For your case you're looking for cheap. Here the DIYPC MA08-BK makes a lot of sense this month with a $10 rebate, dual fans, and USB 3.0 compatibility. Depending on the month you see this page, my thoughts on this will completely change. Be sure to look around for the best deal on the budget case you use with your build.
Choosing Good Memory for your AMD APU Processor
Since you can make actual FPS gains by having faster RAM I recommend you get as fast as you can within a reasonable budget. For this budget we're going with 4GB of Crucial Ballistix 1600 speed ram which costs around $35.
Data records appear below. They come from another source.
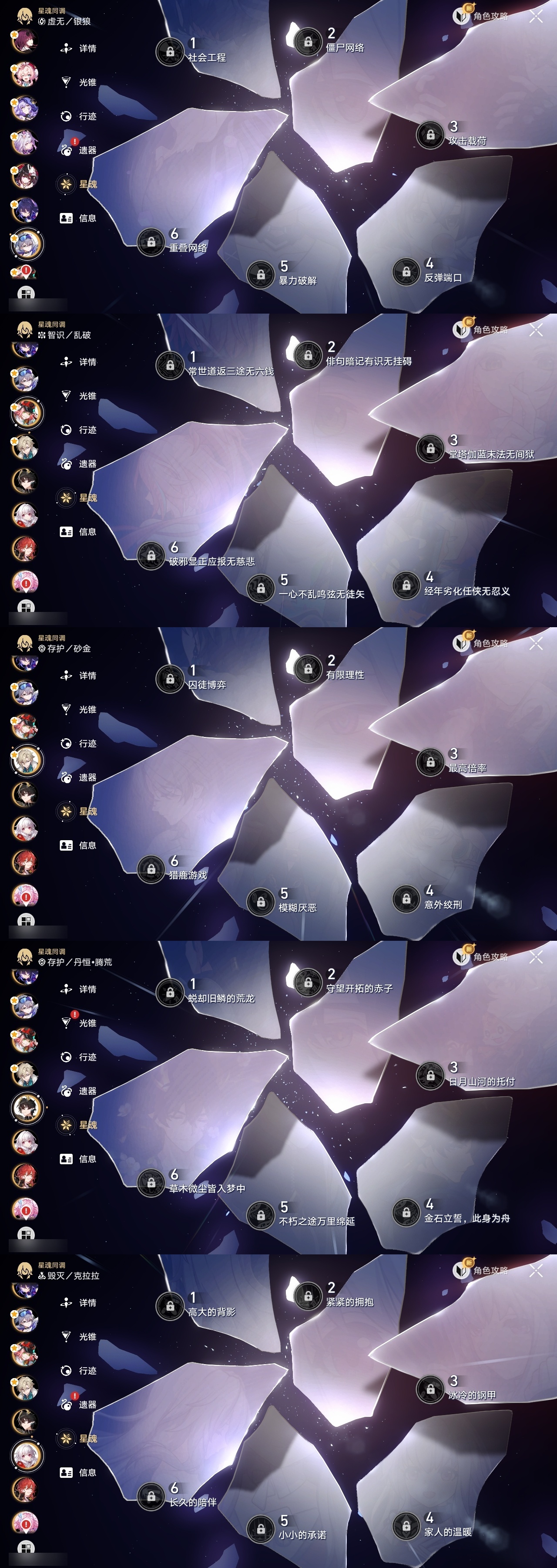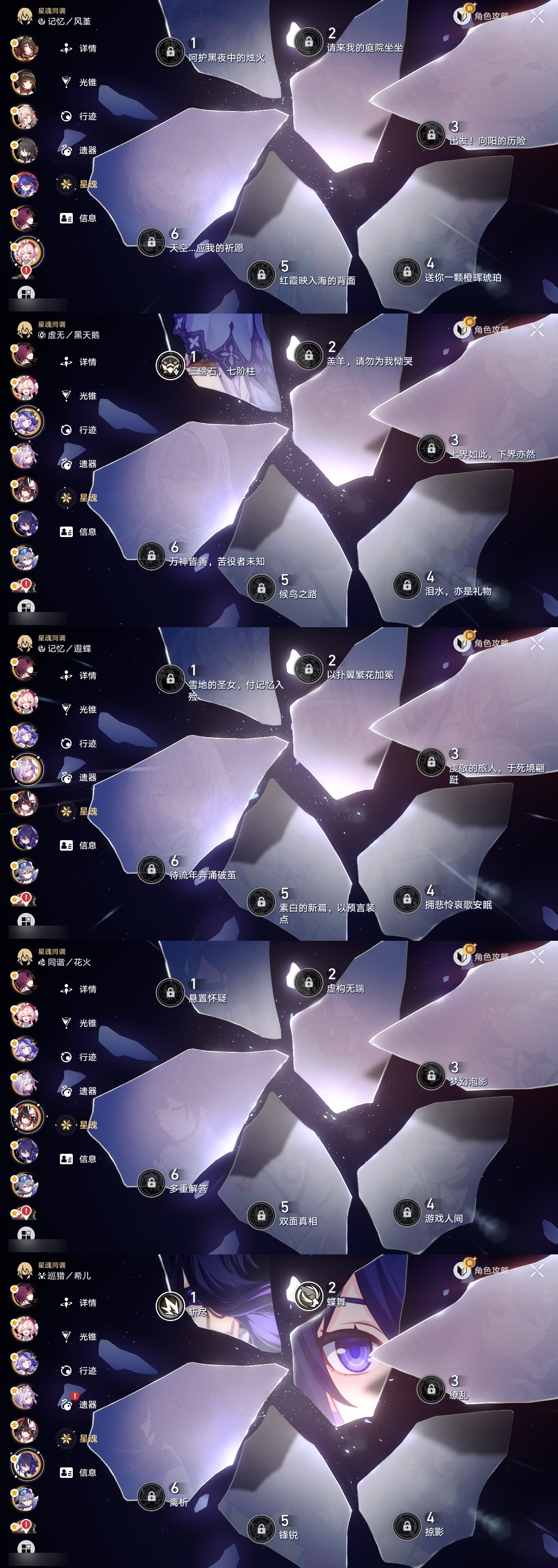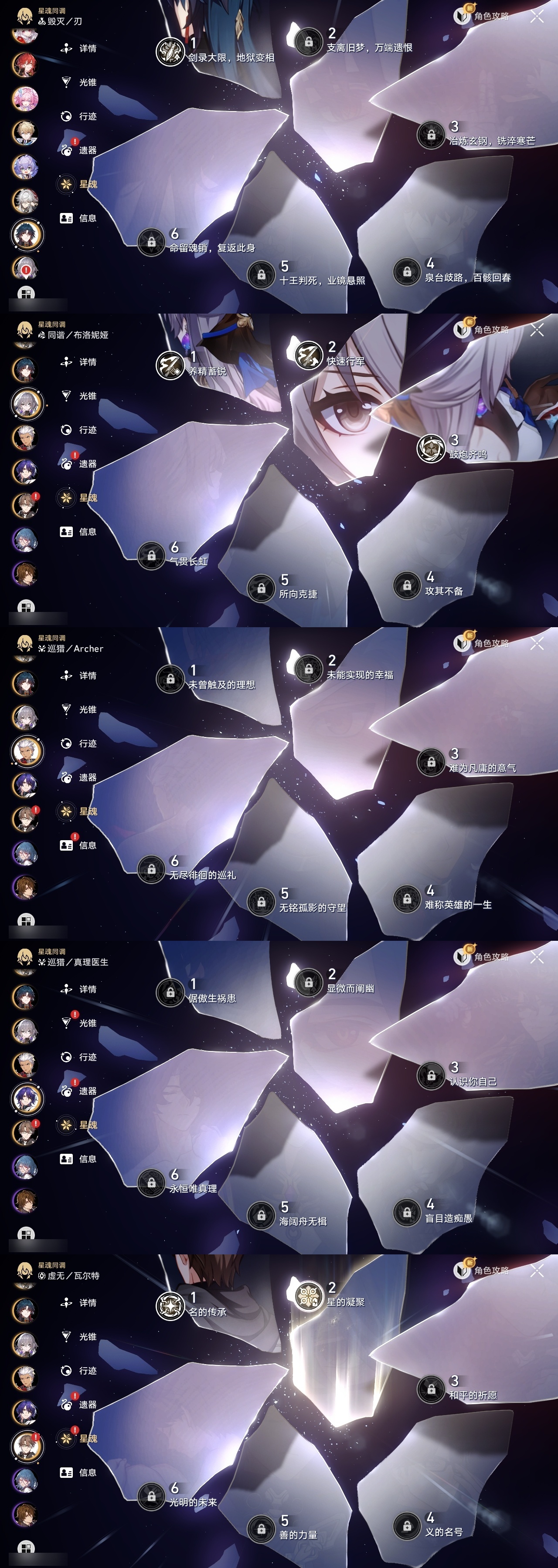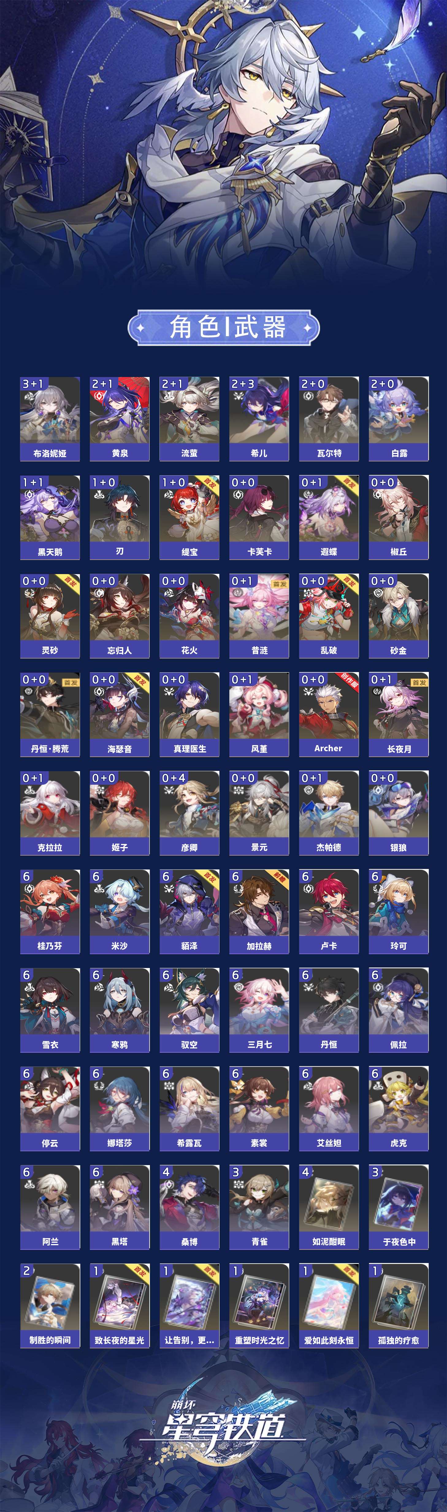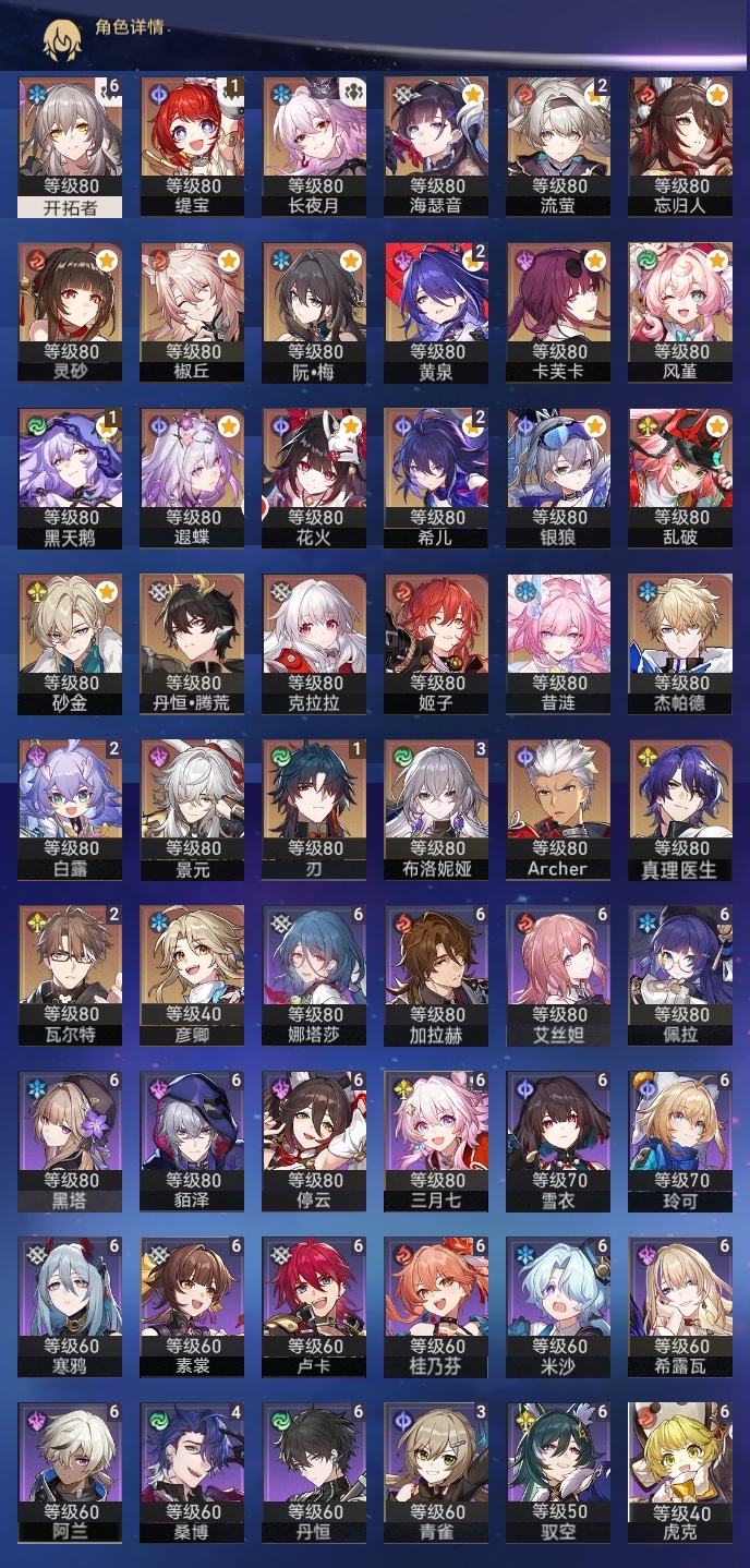 【崩坏·星穹铁道】【lyxq9774】冒险等级:70,女主,五星数量:48,五星角色:布洛妮娅 3命希儿 2命白露 2命瓦尔特 2命黄泉 2命流萤 2命缇宝 1命刃 1命黑天鹅 1命椒丘银狼景元姬子灵砂杰帕德彦卿克拉拉乱破忘归人卡芙卡遐蝶真理医生花火风堇砂金archer海瑟音长夜月丹恒·腾荒昔涟__五星光锥:如泥酣眠 4精于夜色中 3精制胜的瞬间 2精星海巡航记忆的质料制胜的瞬间无可取代的东西但战斗还未结束不息的演算孤独的疗愈让告别,更美一些重塑时光之忆行于流逝的岸愿虹光永驻天空记忆永不落幕致长夜的星光爱如此刻永恒梦应归于何处__四星角色:阿兰 6命娜塔莎 6命虎克 6命貊泽 6命黑塔 6命丹恒 6命艾丝妲 6命希露瓦 6命停云 6命素裳 6命三月七 6命佩拉 6命驭空 6命卢卡 6命玲可 6命桂乃芬 6命寒鸦 6命雪衣 6命米沙 6命加拉赫 6命桑博 4命青雀 3命21黄泉队,21击破队,全01记忆战舰
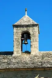 La toiture de lauzes est surmontée d'un élégant clocheton carré à quatre baies campanaires, sommé d'un toit de lauzes à flèche pyramidale.
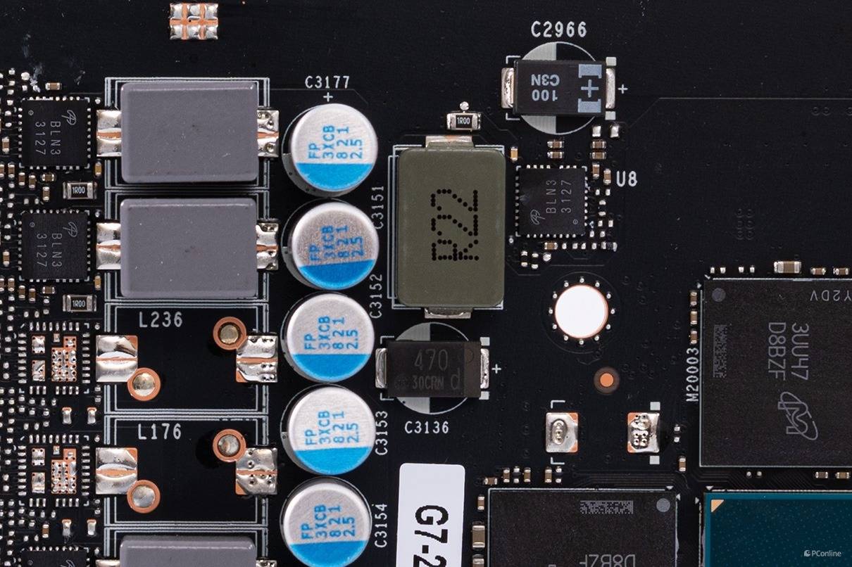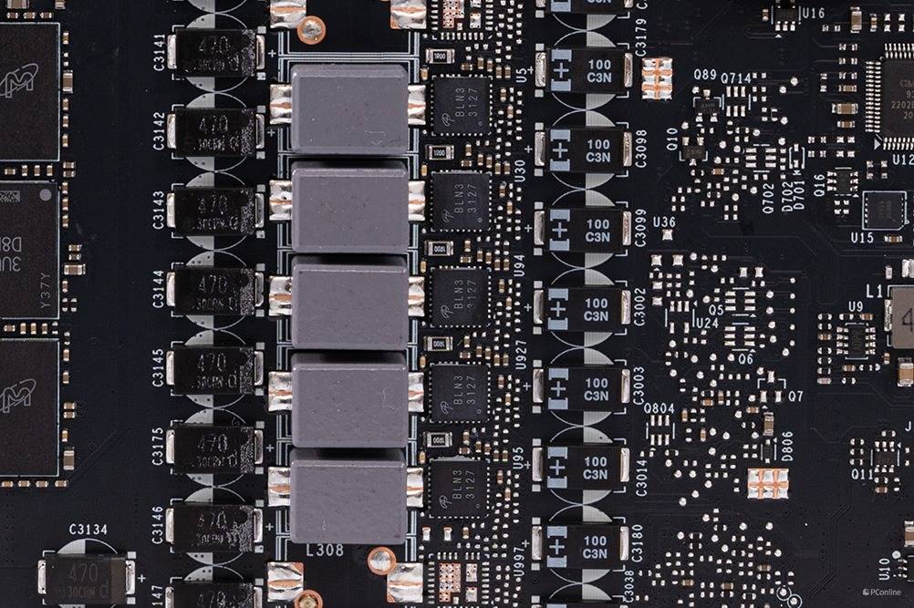 PCB的背面则是密密麻麻的控制芯片,并且在核心的背面还有两颗两个POSCAP(导电聚合物钽电容),有它们坐镇,显卡整体的电气性能会更强。
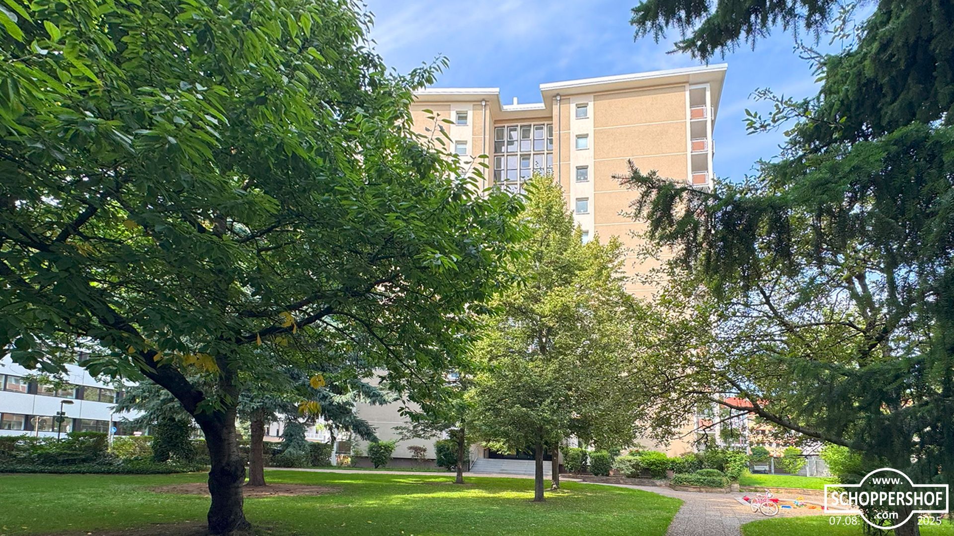 »Deutschen Gesellschaft für Wohnbau« verfügt über etwa 132 Wohnungen und besticht von Außen nicht nur durch seine Höhe. Besonders markant sind die keilförmig in der Mitte vorspringenden Fassaden mit ihren langgezogenen Balkonen und die auffällig an der Nord- und Südseite zurückgesetzten Treppenhausschächte.

Going up to 1866 will cost you at least $6-10 for this build. While that may seem reasonable enough to raise FPS that's as much as 5% of our budget overall. If you had the extra budget, in my opinion, you'd be better off going with a slightly higher-end APU or even the A6-7400k Kaveri model.
Keep in mind that my $300 build would be drastically different than this setup so keeping everything within budget is our main goal here.
Choosing a Cheap 80 Plus Power Supply
It would be easy enough to find a power supply with a few hundred watts that costs under $15. That being said, if you're smart you'll go with something reliable and for the long-term here that's both reliable and 80 Plus certified.
This month I'm recommending the EVGA 430W 80 Plus power supply. At $30 it's about $10 to $15 more than one of the bottom-of-the-barrel models that will most likely fail in the future.
Is a $200 Gaming Rig Possible?
The total price of the rig and parts I recommended came to $213.34. If you cut the hard drive down to 160GB and go with a cheaper power supply you could save yourself as much as $20. This would put you in line with an under $200 gaming PC build even after taxes.
Overall, I'd call it a success and a pretty decent option for the extremely cheap or budget conscious gamer.
What about the operating system?
In terms of the operating system its simply not in the budget here. I recommend either using Linux or finding an old PC with Windows 7 or Vista that you can use the key from.